It was a long time before our adventure was forgotten. Harry's merry jokes brought the colour over and over again to my face, and the angry words to Alick's lips. But we were both cured, certainly, for the time, of any love of display or dandyism!


VI

WHAT ABOUT LESSONS?

And now, little reader, I know quite well what thought has been popping in and out of your head all this time. You have been wanting to ask me what had become of lessons all these weeks, and how a number of little boys and girls could be allowed to run wild, doing just what they liked all day long.

BABY, DEAR!

Well, it does seem very shocking, and there is no denying that, for a whole month, we did not often see the inside of a book. Yet, I had learnt to read, and had been in the habit of learning to spell and to count every day of my life at home. I don't quite know how it came about that we were not all of us a very untamed set after a month's idleness at the Park. Perhaps, it was a good thing for us that grandmamma was what she was. The very perfection of tender kindness we all felt her, and yet there was a certain dignity about her, that made it a simple impossibility to be rough or rude before her. And on the whole we were a great deal with her. When not with her, we were supposed to be picking up a great deal of French from my cousin's Swiss nurse. And so, in our way, we did, although I think Susette learned English a great deal faster than we learned French. Yet, when we wished to coax her, the French words came fast enough, such as they were.
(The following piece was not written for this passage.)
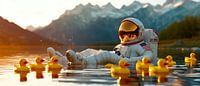Te midden van majestueuze bergen ontspant een astronaut zich in een meer, omringd door vrolijke badeendjes. Deze grillige scène straalt een charmante lichtheid uit en moedigt aan tot dagdromen. Perfect voor een kinderkamer of een creatief kantoor aan huis om inspiratie en verbeelding aan te moedigen - een echte blikvanger!

But I am afraid grandmamma did not think that we were learning quite enough, for one day she called Lottie and me, and told us that she had just seen such a nice young lady, and that she had promised to come and be our governess. What an excitement this news caused us all! How we talked it over all day long. We had many different ideas as to what she was to be like; in fact, the elder boys made pictures of her, which, as it turned out, were anything but good portraits.
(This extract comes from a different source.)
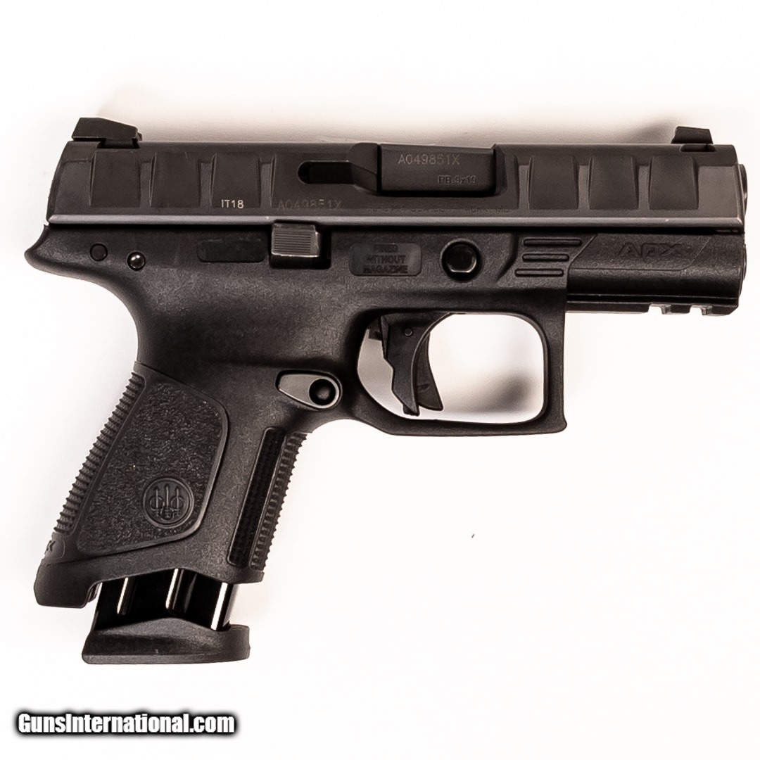 Description: Guns Listing ID: 502974 Each APX features aggressive full-length slide serrations making slide manipulations easy under any conditions. To accommodate right or left-handed use, the APX‚‚s magazine release button can be easily reversed, and the slide stop is ambidextrous. This handgun features two 13-round magazines, one 12-round magazine, and the orignal case with the manual SOLD Manufacturer: BERETTA Model: APX Caliber Info: 9MM LUGER Condition: Used - Certified Barrels: 4.3 BARREL Finish: BLACK |

How we did look at her that first evening! She was very young, very fair and in deep mourning. That is my earliest impression of her. We had a kind of unconfessed idea that she did not take half pains enough to make us like her. She did not seem to care whether we did or not—hardly, I fancy, to think about the matter. It was just the very end of April, almost the bright May-time, and grandmamma went round the garden with her, Lottie and I making our remarks from a distance. I think we were a little surprised to see our new governess so much at her ease, laughing merrily and talking away to grandmamma, just as if there were no little critics taking note of all. By and by, she came in and sat down in "the schoolroom"—such a new word that seemed!—to write a letter. Lottie and I pretended to be very busy with our dolls in one corner, but we were keeping up our watch, and every now and then we met her eye with a merry twinkle in it, looking greatly amused at us.